The explanation of this gemora is that the mishnah on daf 11a simply states “one must not read by the light of a lamp”, without giving a reason for the prohibition. But the baraissa on daf 12b does explain the reason: “one must not read by the light of a lamp because perhaps he will tilt it”. So when R. Yishmael saw the reason for the prohibition he thought to himself that he would be able to read without tilting the lamp, just like Shlomo Hamelech said “I will have many wives and yet my heart will not be turned away”.
Therefore in the end when R. Yishmael stumbled he declared: How great are the words of the Sages! Meaning, how great are the words of the Sages in the mishnah who said that one must not read by the light of a lamp but did not give the reason for the prohibition, because by giving the reason it provided an opening to make a mistake and stumble.
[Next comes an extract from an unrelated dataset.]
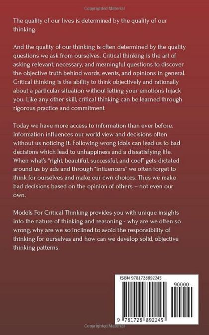 The quality of our lives is directly related to the quality of our thinking. Our thinking is shaped by the questions we ask ourselves. Critical thinking involves asking relevant, necessary, and meaningful questions to uncover the objective truth behind words, events, and opinions. In today's information age, we are bombarded with data that influences our worldview and decisions, often without our awareness. Following misguided opinions can lead to poor decisions, resulting in unhappiness and dissatisfaction. It's time to reclaim your ability to think independently and make your own choices.

But by not giving the reason it remains simply a decree of the Rabbis which must be followed irrespective of the reason behind the decree.
How does this posuk allude to the five things which require a Kohen?
(21,5) “And the Kohanim the sons of Levi shall come near, for Hashem your G-d has chosen them to serve Him and to bless in the name of Hashem, and by their mouth will be every dispute and every affliction.”
Behold, we find in the Torah five things that depend on the Kohanim - service in the Beis Hamikdash, the priestly blessing, the ritual of the eglah arufah (the slaughter of a calf when a dead person is found outside a city), the ritual of the sotah (a woman suspected of adultery), and the purification of the metzora (one who has been afflicted with a certain type of skin lesion).
And they are all included in this posuk: “And the Kohanim the sons of Levi shall come near, because Hashem your G-d has chosen them to serve him” - this refers to their service in the Beis Hamikdash, “and to bless in the name of Hashem” - this refers to the priestly blessing, “and by their mouth will be” - this refers to the eglah arufah (Rashi explains that after slaughtering the calf the kohanim say “forgive Your people Yisrael”), “every dispute” - this refers to the ritual of the sotah which involves a dispute between a man and his wife, “and every affliction” - this refers to the purification of the metzora.